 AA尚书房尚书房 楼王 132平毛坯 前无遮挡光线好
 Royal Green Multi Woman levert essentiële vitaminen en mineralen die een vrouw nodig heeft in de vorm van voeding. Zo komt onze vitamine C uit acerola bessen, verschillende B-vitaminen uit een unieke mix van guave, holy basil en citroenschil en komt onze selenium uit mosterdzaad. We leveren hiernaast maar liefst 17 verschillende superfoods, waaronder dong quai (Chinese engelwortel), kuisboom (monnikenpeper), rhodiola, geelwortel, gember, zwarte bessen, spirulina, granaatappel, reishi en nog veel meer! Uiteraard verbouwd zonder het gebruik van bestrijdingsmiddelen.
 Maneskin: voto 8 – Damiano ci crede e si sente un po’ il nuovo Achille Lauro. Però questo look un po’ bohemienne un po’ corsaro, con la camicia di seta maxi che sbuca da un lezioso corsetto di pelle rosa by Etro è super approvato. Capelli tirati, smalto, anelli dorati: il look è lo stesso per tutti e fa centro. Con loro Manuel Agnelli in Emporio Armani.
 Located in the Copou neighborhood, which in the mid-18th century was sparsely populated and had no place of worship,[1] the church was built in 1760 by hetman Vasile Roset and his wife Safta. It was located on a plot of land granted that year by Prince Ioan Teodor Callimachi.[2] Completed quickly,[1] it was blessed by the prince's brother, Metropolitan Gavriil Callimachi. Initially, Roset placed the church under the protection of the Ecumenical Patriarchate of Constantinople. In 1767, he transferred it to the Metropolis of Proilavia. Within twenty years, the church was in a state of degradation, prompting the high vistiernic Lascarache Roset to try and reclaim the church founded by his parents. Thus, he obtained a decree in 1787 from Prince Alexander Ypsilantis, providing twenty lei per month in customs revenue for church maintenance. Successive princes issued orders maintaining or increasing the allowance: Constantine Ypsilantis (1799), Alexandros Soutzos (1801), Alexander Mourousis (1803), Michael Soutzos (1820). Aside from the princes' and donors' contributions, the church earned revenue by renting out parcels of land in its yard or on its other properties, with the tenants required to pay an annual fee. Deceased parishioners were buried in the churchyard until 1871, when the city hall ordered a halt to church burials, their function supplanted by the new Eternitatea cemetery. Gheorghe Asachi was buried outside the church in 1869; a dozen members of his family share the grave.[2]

§ Assignment: Write out the material above exactly, please, from its first line up to and including the line where "Maneskin: voto 8" appears, and stop there.

§ Response area:
 AA尚书房尚书房 楼王 132平毛坯 前无遮挡光线好
 Royal Green Multi Woman levert essentiële vitaminen en mineralen die een vrouw nodig heeft in de vorm van voeding. Zo komt onze vitamine C uit acerola bessen, verschillende B-vitaminen uit een unieke mix van guave, holy basil en citroenschil en komt onze selenium uit mosterdzaad. We leveren hiernaast maar liefst 17 verschillende superfoods, waaronder dong quai (Chinese engelwortel), kuisboom (monnikenpeper), rhodiola, geelwortel, gember, zwarte bessen, spirulina, granaatappel, reishi en nog veel meer! Uiteraard verbouwd zonder het gebruik van bestrijdingsmiddelen.
 Maneskin: voto 8 – Damiano ci crede e si sente un po’ il nuovo Achille Lauro. Però questo look un po’ bohemienne un po’ corsaro, con la camicia di seta maxi che sbuca da un lezioso corsetto di pelle rosa by Etro è super approvato. Capelli tirati, smalto, anelli dorati: il look è lo stesso per tutti e fa centro. Con loro Manuel Agnelli in Emporio Armani.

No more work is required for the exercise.